Work order - Below are some entries; reproduce them exactly and leave every picture out.
### Excerpted records
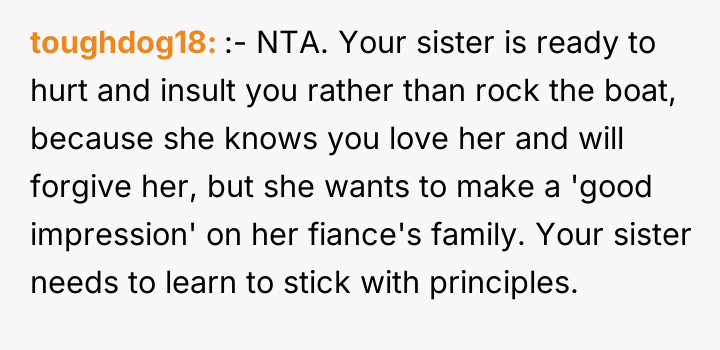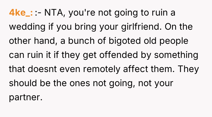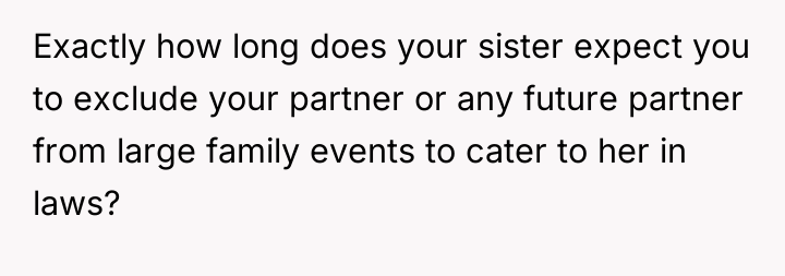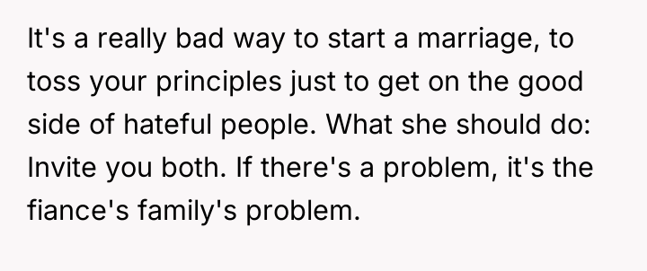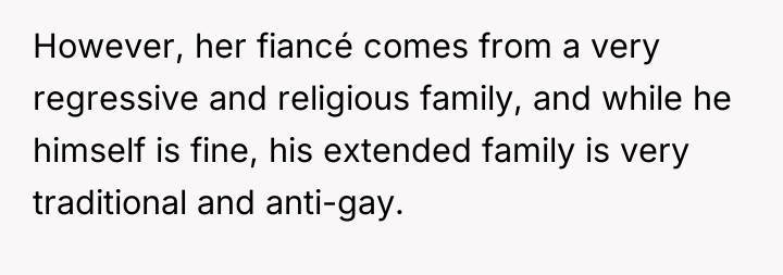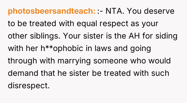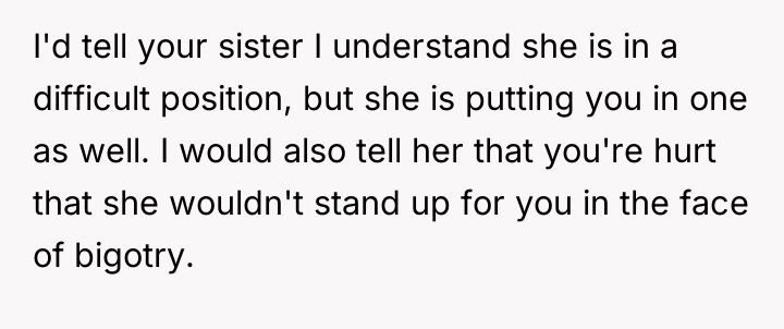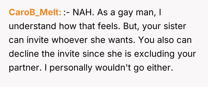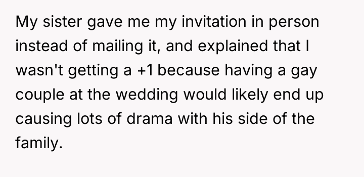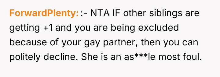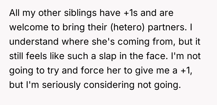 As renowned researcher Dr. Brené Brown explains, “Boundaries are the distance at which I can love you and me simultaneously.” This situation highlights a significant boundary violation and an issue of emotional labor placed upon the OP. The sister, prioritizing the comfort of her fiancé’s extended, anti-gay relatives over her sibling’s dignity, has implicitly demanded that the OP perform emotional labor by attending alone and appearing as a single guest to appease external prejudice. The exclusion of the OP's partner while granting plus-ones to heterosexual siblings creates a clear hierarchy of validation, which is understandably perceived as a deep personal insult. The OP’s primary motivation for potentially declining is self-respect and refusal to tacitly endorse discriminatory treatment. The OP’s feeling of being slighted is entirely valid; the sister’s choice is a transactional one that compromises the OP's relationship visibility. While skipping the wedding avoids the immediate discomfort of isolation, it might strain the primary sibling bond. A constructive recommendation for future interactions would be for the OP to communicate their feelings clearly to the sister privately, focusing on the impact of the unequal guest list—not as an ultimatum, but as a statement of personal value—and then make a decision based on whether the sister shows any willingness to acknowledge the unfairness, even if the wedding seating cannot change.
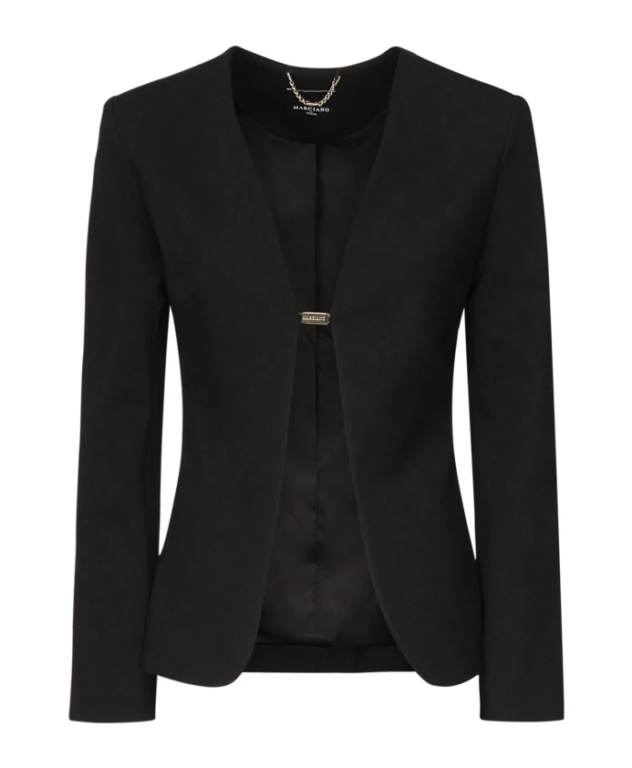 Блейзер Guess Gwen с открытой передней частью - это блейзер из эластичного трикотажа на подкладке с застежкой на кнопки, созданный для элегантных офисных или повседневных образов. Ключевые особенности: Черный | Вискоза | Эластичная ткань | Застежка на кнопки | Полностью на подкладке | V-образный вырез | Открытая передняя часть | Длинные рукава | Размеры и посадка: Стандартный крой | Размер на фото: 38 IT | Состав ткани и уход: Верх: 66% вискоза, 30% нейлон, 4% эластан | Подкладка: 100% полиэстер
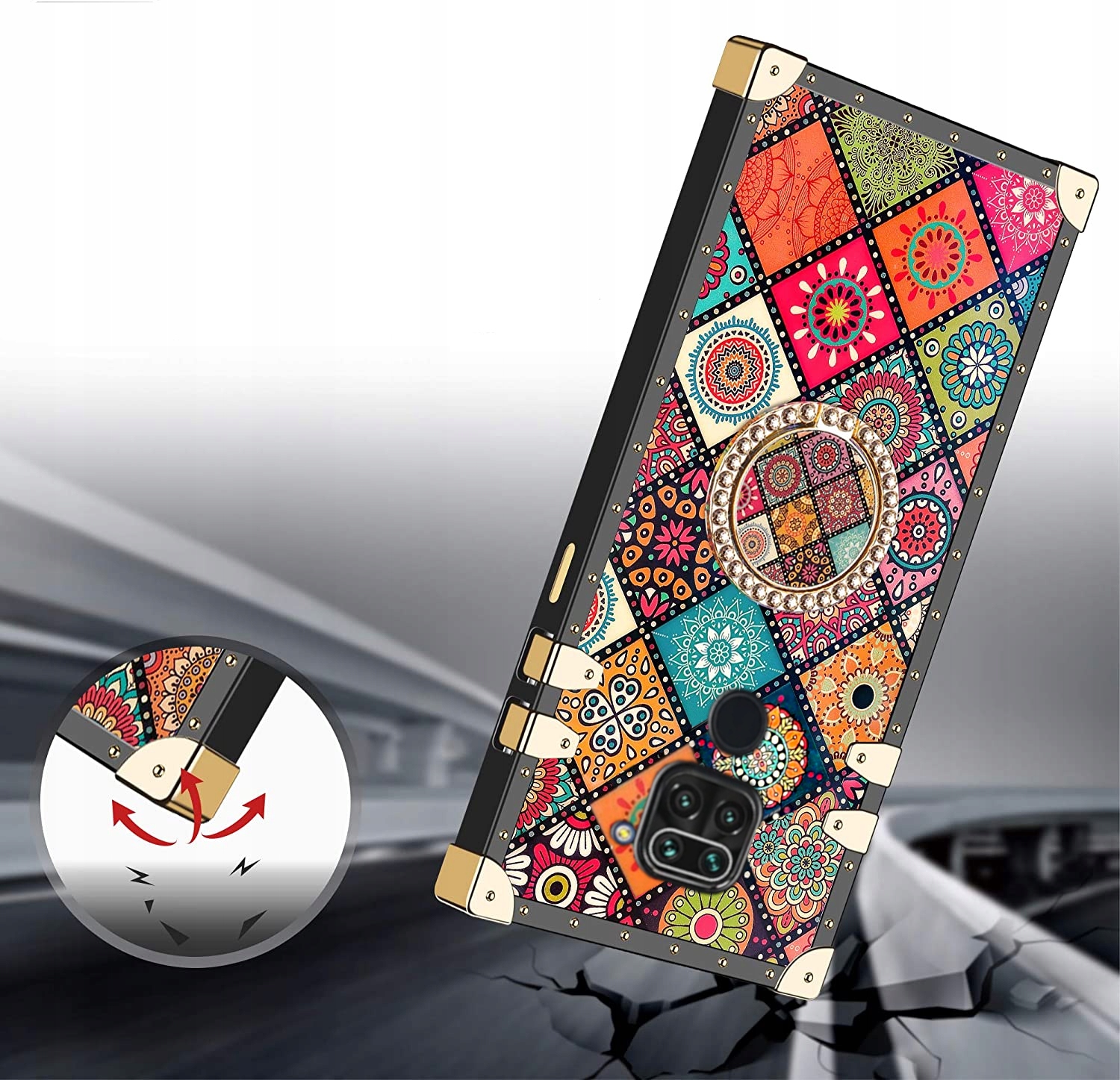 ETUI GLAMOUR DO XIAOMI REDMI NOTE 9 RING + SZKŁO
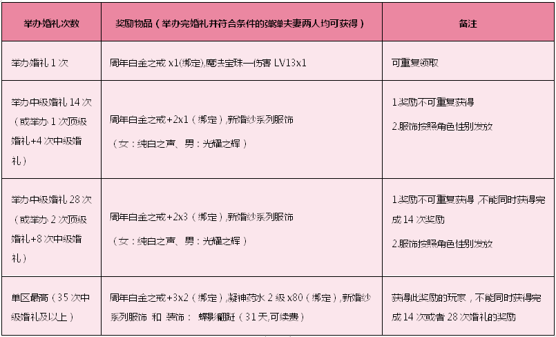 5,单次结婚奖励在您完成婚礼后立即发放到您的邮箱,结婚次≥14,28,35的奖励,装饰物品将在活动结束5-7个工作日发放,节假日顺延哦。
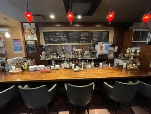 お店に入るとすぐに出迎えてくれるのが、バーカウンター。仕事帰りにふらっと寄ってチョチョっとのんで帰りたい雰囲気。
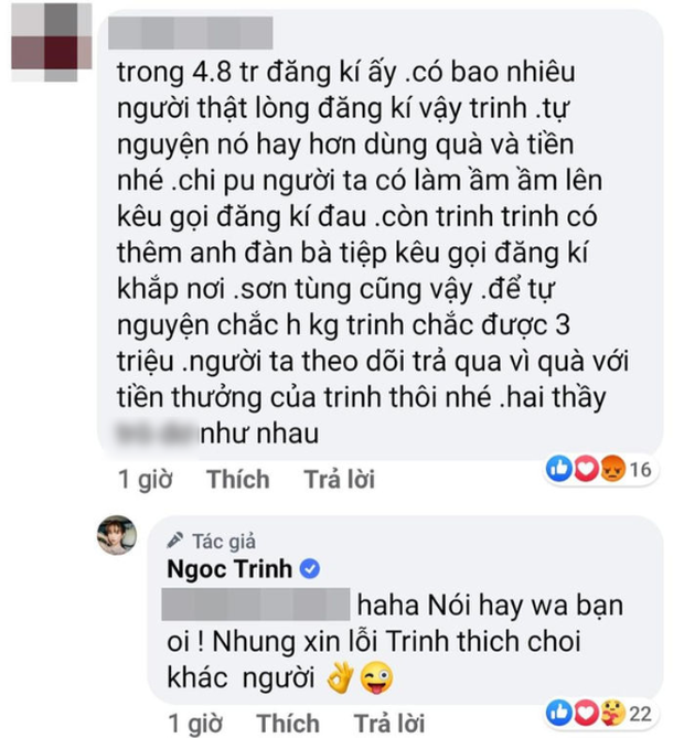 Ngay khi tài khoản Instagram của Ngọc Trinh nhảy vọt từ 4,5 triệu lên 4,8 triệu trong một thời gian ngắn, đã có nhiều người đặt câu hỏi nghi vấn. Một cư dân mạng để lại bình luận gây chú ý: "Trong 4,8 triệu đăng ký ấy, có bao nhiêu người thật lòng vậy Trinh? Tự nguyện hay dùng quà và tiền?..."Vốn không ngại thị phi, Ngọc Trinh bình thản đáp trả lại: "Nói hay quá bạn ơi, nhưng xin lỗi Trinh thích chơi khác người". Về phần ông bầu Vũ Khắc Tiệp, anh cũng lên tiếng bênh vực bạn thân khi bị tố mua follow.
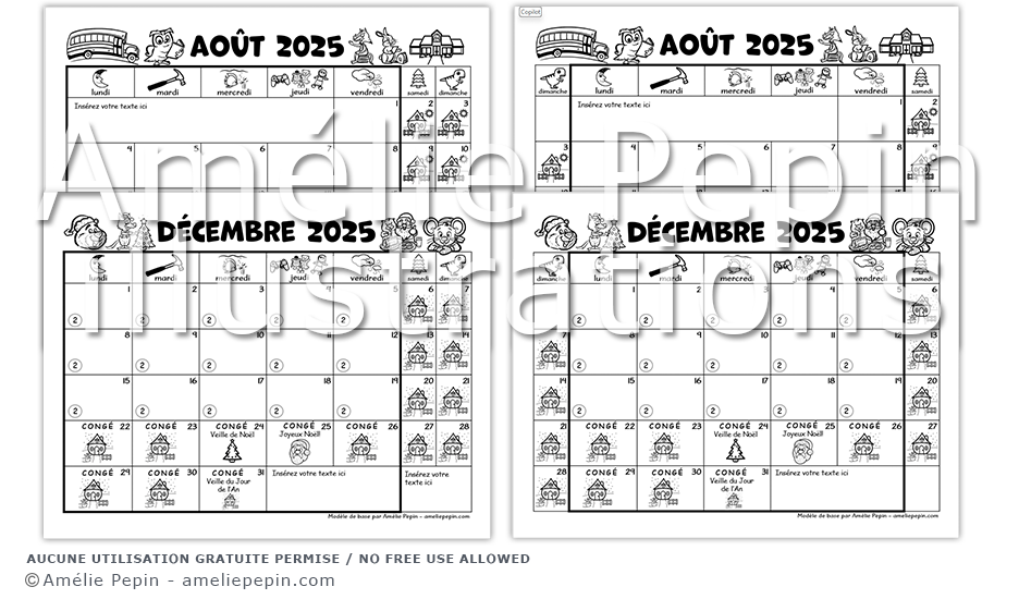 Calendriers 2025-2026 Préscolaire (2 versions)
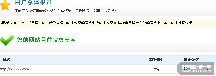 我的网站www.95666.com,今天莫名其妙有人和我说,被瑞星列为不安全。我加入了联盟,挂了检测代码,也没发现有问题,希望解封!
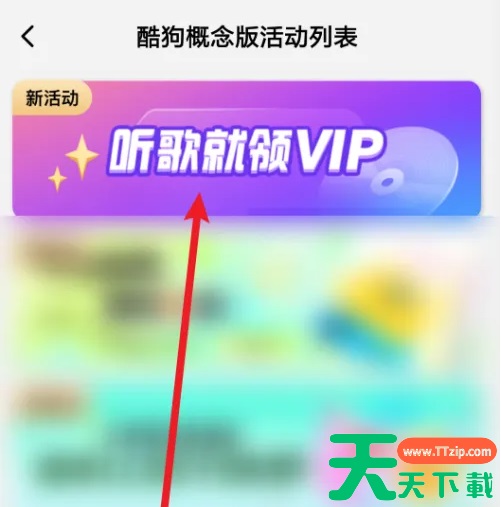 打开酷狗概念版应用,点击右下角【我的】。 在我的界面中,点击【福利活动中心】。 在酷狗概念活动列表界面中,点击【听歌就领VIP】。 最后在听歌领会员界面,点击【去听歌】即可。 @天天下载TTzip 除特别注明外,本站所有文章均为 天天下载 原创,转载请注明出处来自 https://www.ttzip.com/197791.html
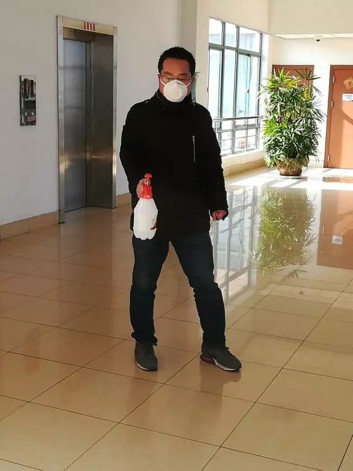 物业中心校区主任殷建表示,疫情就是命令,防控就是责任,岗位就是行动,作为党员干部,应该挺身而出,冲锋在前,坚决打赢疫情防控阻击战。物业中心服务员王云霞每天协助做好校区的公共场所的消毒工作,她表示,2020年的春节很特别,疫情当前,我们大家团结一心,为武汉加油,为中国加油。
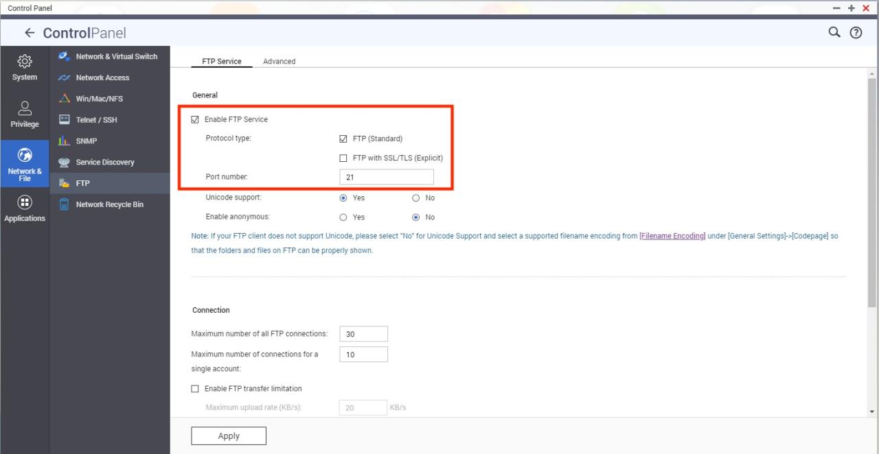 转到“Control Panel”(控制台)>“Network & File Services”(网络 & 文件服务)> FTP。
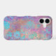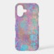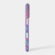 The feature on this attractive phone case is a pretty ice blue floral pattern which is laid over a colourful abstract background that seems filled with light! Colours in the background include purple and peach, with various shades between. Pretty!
######
Worked solution -
 As renowned researcher Dr. Brené Brown explains, “Boundaries are the distance at which I can love you and me simultaneously.” This situation highlights a significant boundary violation and an issue of emotional labor placed upon the OP. The sister, prioritizing the comfort of her fiancé’s extended, anti-gay relatives over her sibling’s dignity, has implicitly demanded that the OP perform emotional labor by attending alone and appearing as a single guest to appease external prejudice. The exclusion of the OP's partner while granting plus-ones to heterosexual siblings creates a clear hierarchy of validation, which is understandably perceived as a deep personal insult. The OP’s primary motivation for potentially declining is self-respect and refusal to tacitly endorse discriminatory treatment. The OP’s feeling of being slighted is entirely valid; the sister’s choice is a transactional one that compromises the OP's relationship visibility. While skipping the wedding avoids the immediate discomfort of isolation, it might strain the primary sibling bond. A constructive recommendation for future interactions would be for the OP to communicate their feelings clearly to the sister privately, focusing on the impact of the unequal guest list—not as an ultimatum, but as a statement of personal value—and then make a decision based on whether the sister shows any willingness to acknowledge the unfairness, even if the wedding seating cannot change.
 Блейзер Guess Gwen с открытой передней частью - это блейзер из эластичного трикотажа на подкладке с застежкой на кнопки, созданный для элегантных офисных или повседневных образов. Ключевые особенности: Черный | Вискоза | Эластичная ткань | Застежка на кнопки | Полностью на подкладке | V-образный вырез | Открытая передняя часть | Длинные рукава | Размеры и посадка: Стандартный крой | Размер на фото: 38 IT | Состав ткани и уход: Верх: 66% вискоза, 30% нейлон, 4% эластан | Подкладка: 100% полиэстер
 ETUI GLAMOUR DO XIAOMI REDMI NOTE 9 RING + SZKŁO
 5,单次结婚奖励在您完成婚礼后立即发放到您的邮箱,结婚次≥14,28,35的奖励,装饰物品将在活动结束5-7个工作日发放,节假日顺延哦。
 お店に入るとすぐに出迎えてくれるのが、バーカウンター。仕事帰りにふらっと寄ってチョチョっとのんで帰りたい雰囲気。
 Ngay khi tài khoản Instagram của Ngọc Trinh nhảy vọt từ 4,5 triệu lên 4,8 triệu trong một thời gian ngắn, đã có nhiều người đặt câu hỏi nghi vấn. Một cư dân mạng để lại bình luận gây chú ý: "Trong 4,8 triệu đăng ký ấy, có bao nhiêu người thật lòng vậy Trinh? Tự nguyện hay dùng quà và tiền?..."Vốn không ngại thị phi, Ngọc Trinh bình thản đáp trả lại: "Nói hay quá bạn ơi, nhưng xin lỗi Trinh thích chơi khác người". Về phần ông bầu Vũ Khắc Tiệp, anh cũng lên tiếng bênh vực bạn thân khi bị tố mua follow.
 Calendriers 2025-2026 Préscolaire (2 versions)
 我的网站www.95666.com,今天莫名其妙有人和我说,被瑞星列为不安全。我加入了联盟,挂了检测代码,也没发现有问题,希望解封!
 打开酷狗概念版应用,点击右下角【我的】。 在我的界面中,点击【福利活动中心】。 在酷狗概念活动列表界面中,点击【听歌就领VIP】。 最后在听歌领会员界面,点击【去听歌】即可。 @天天下载TTzip 除特别注明外,本站所有文章均为 天天下载 原创,转载请注明出处来自 https://www.ttzip.com/197791.html
 物业中心校区主任殷建表示,疫情就是命令,防控就是责任,岗位就是行动,作为党员干部,应该挺身而出,冲锋在前,坚决打赢疫情防控阻击战。物业中心服务员王云霞每天协助做好校区的公共场所的消毒工作,她表示,2020年的春节很特别,疫情当前,我们大家团结一心,为武汉加油,为中国加油。
 转到“Control Panel”(控制台)>“Network & File Services”(网络 & 文件服务)> FTP。
 The feature on this attractive phone case is a pretty ice blue floral pattern which is laid over a colourful abstract background that seems filled with light! Colours in the background include purple and peach, with various shades between. Pretty!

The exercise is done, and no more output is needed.